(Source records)

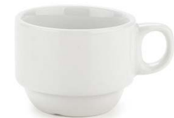
COFFEE/TEA CUP Code: TASE-022
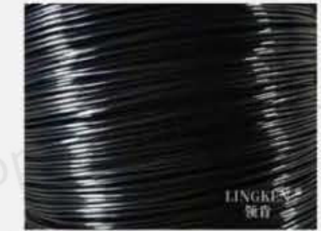
Oil quenched-tempered spring wire 油淬火-回火弹簧钢丝
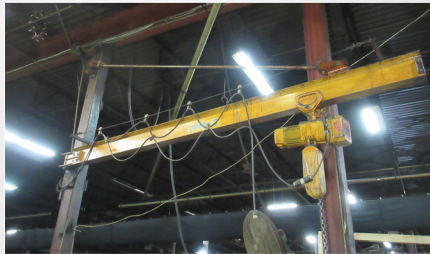
SPANCO 2-TON WALL BRACKET I-BEAM MOUNTED JIB CRANE
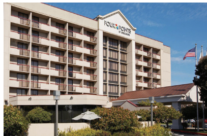
FOUR POINTS SHERATON, EMERYVILLE.
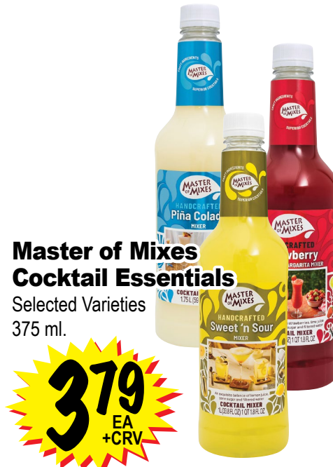
Master of Mixes Cocktail Essentials Selected Varieties 375 ml.
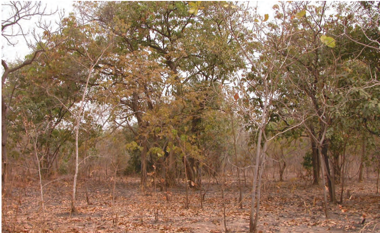
Fig. 4. Sudano-Guinean savanna in the vicinity of Doussoudiana, the southernmost village of the study (11°11'N, 07°44'W).
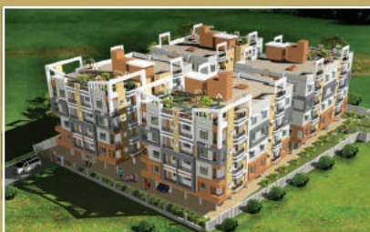
Bhawani North View Baguiati (108 flats)
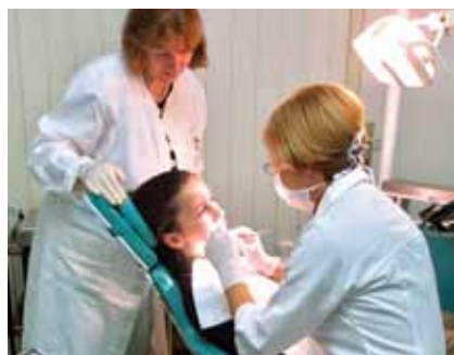
• The Mission of Mercy event on Sunday will provide free care to about 1,000 adults and children.

This Mission of Mercy (MOM) event comes to San Antonio as part of ADA 2014 and includes more than 1,000 volunteer dentists, hygienists, assistants, students and community workers from across Texas and the nation. Almost 30 sponsors are providing
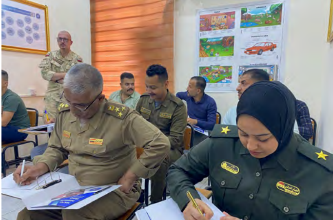
English language course
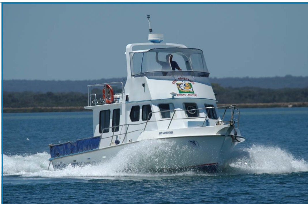
Phil at Reel Adventure helm & charter customers display a Snapper and a Mulway.

Members of Yaringa Fishing Club proudly display their catches at weigh-in during the 2005/6 fishing season. (More pictures appear on Page 5 including catches from the 2006/7 fishing season at Yaringa boat ramp) John & Maliney at Yaringa Chandlery & Boat Sales provide weigh-in facilities on Comp Weekends. Phil Wasnig of Reel Adventure Fishing Charters is major sponsor of Yaringa Fishing Club.
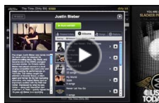
Talking Tech | Slacker's new Music Subscription Program
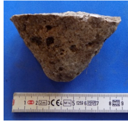
Figure C.32 Metate fragment Tz-1 N20E16 1.1
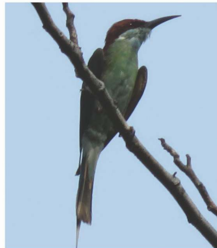
Blue-throated Bee-eater ( Merops viridis )

For more information about Singapore's biodiversity, please visit NParks Flora&Fauna Web at florafaunaweb.nparks.gov.sg
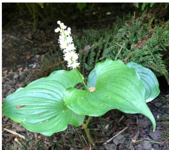
May Lily in cultivation
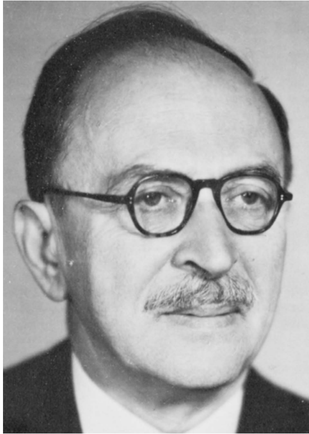
Fig. 1. Dennis Gabor (1900–1979) in middle age.
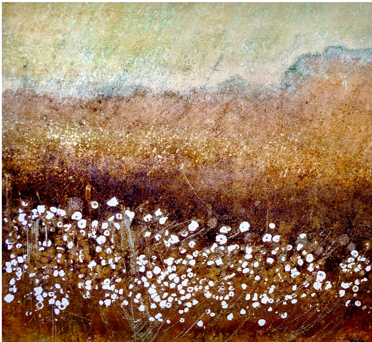
Wayside Flowers by Heather Woodhams, a 2018 London Salon Medal winner

See the notice in this e-news , for details of the London Salon 2018 exhibition venues
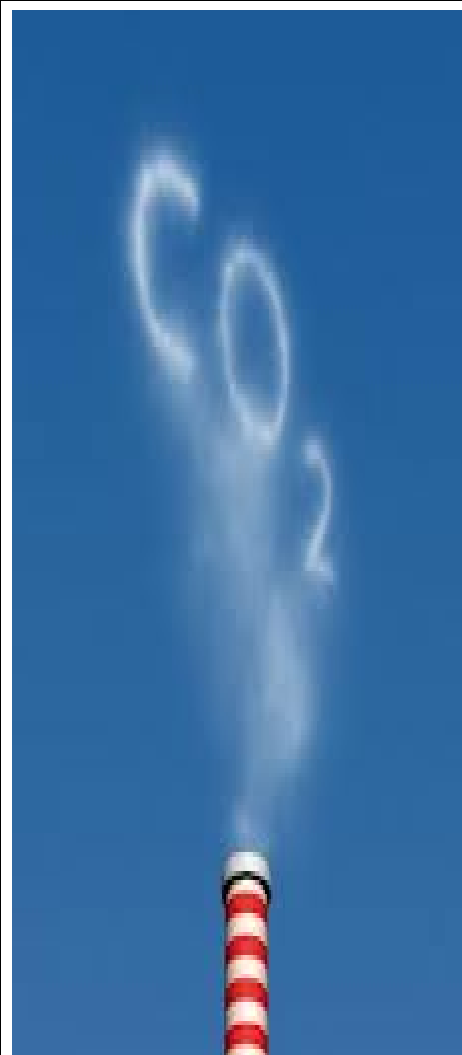
The IPU offsets the carbon emissions from its activities

The IPU is contractually bound to guarantee the payment of the pensions of 11 former employees of the Secretariat. The closed pension fund has a reserve of CHF 9.1 million, which is invested in a mixed portfolio of bonds and equities.
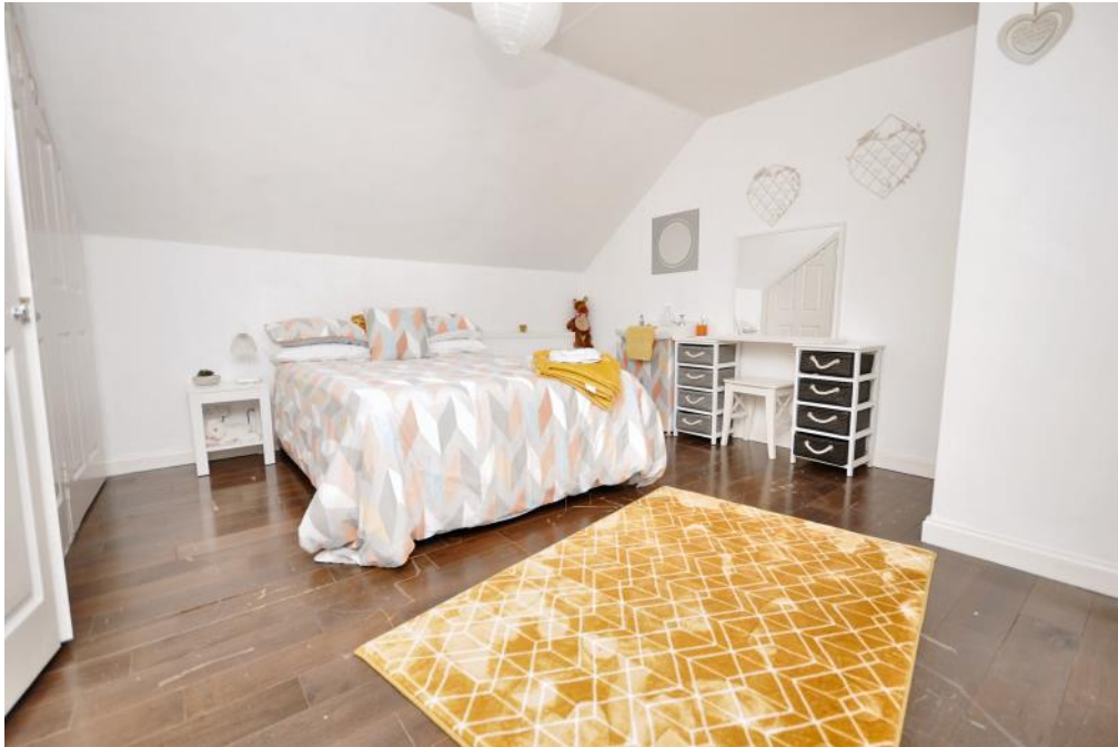
Floored & Lined Attic Space 1
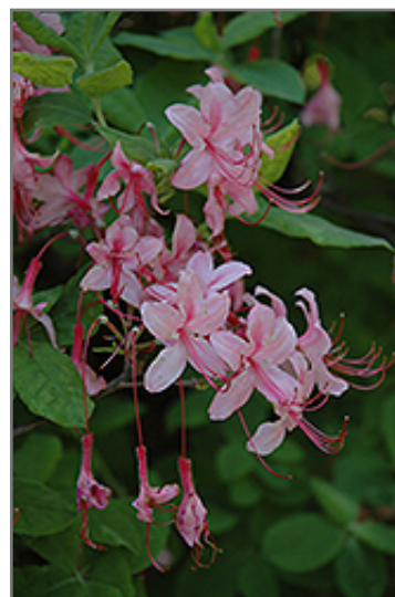
Pinxterbloom Azalea flowers
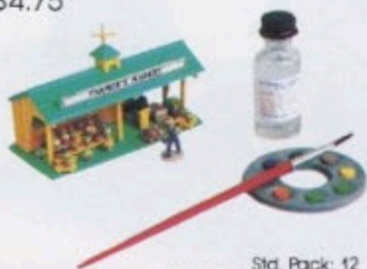
45-2715 Roadside Stand with Paints $4.75
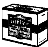
No. X250 High Capacity Radio 'A' Battery
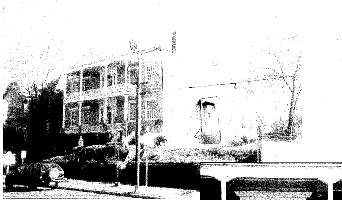
Front view, Pemberton's Headquarters, also known as the Willis-Cowan House. The house has fine Greek Revival details, such as the classical columns (see detail right) flanking the front doors on both stories.
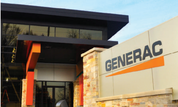
Corporate headquarters, Waukesha WI (above) Whitewater WI manufacturing facility (right)

Founded in 1959, Generac invented the home standby power category. Today our U.S. manufacturing facilities are state of the art, and our products lead the industry in quality, breadth of offering, and innovation.
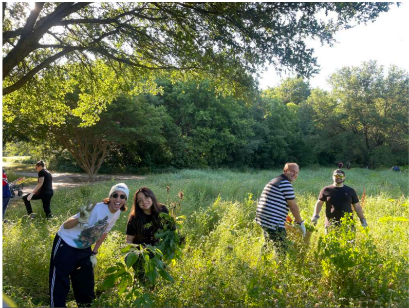
Team members from Meow Wolf Grapevine removed invasive plants from pollinator habitat.
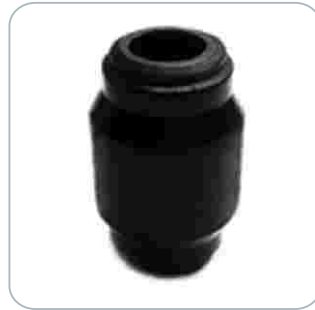
ROR - OEM PART No. 21011745 ID - 22 mm (Steel Pipe) OD - 49 mm Length - 76 mm
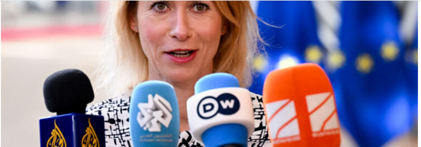
L'Alta rappresentante Ue per gli Affari esteri, Kaja Kallas, a Bruxelles, 15/07/25
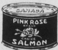
96 x 1/2-lb. net tins
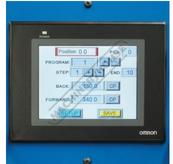
Touch Screen NC Control
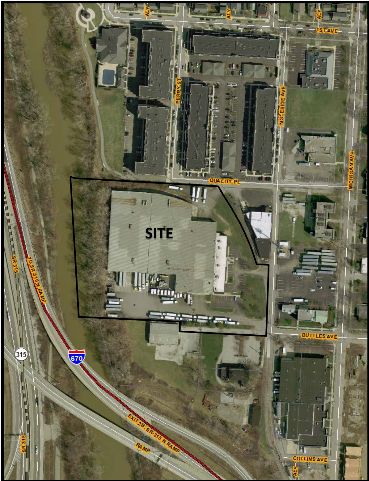
CV16-066 871 Ingleside Avenue Approximately 7.03 acres

*INSTRUCTIONS FOR THE TASK:*
Between and including the line above that contains "Master of Mixes" and the line that contains "Blue-throated Bee-eater ( Merops viridis )", restate every line word for word. Pictures stay out.

*RESULT OF THE EXERCISE:*
Master of Mixes Cocktail Essentials Selected Varieties 375 ml.
Fig. 4. Sudano-Guinean savanna in the vicinity of Doussoudiana, the southernmost village of the study (11°11'N, 07°44'W).
Bhawani North View Baguiati (108 flats)
• The Mission of Mercy event on Sunday will provide free care to about 1,000 adults and children.

This Mission of Mercy (MOM) event comes to San Antonio as part of ADA 2014 and includes more than 1,000 volunteer dentists, hygienists, assistants, students and community workers from across Texas and the nation. Almost 30 sponsors are providing
English language course
Phil at Reel Adventure helm & charter customers display a Snapper and a Mulway.

Members of Yaringa Fishing Club proudly display their catches at weigh-in during the 2005/6 fishing season. (More pictures appear on Page 5 including catches from the 2006/7 fishing season at Yaringa boat ramp) John & Maliney at Yaringa Chandlery & Boat Sales provide weigh-in facilities on Comp Weekends. Phil Wasnig of Reel Adventure Fishing Charters is major sponsor of Yaringa Fishing Club.
Talking Tech | Slacker's new Music Subscription Program
Figure C.32 Metate fragment Tz-1 N20E16 1.1
Blue-throated Bee-eater ( Merops viridis )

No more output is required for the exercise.